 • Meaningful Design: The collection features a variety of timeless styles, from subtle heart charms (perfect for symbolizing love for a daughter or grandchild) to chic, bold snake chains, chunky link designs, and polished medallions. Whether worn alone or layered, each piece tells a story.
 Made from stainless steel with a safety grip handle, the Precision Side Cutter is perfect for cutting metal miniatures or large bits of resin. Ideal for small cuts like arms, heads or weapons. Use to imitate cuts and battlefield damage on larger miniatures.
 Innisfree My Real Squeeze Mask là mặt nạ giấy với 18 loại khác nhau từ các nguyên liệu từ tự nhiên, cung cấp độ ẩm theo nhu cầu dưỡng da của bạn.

* * *

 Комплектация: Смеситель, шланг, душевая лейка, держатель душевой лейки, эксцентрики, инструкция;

* * *

## TASK BRIEF
Where a line above holds the string "perfect", show that line.

## SOLUTION
 • Meaningful Design: The collection features a variety of timeless styles, from subtle heart charms (perfect for symbolizing love for a daughter or grandchild) to chic, bold snake chains, chunky link designs, and polished medallions. Whether worn alone or layered, each piece tells a story.
 Made from stainless steel with a safety grip handle, the Precision Side Cutter is perfect for cutting metal miniatures or large bits of resin. Ideal for small cuts like arms, heads or weapons. Use to imitate cuts and battlefield damage on larger miniatures.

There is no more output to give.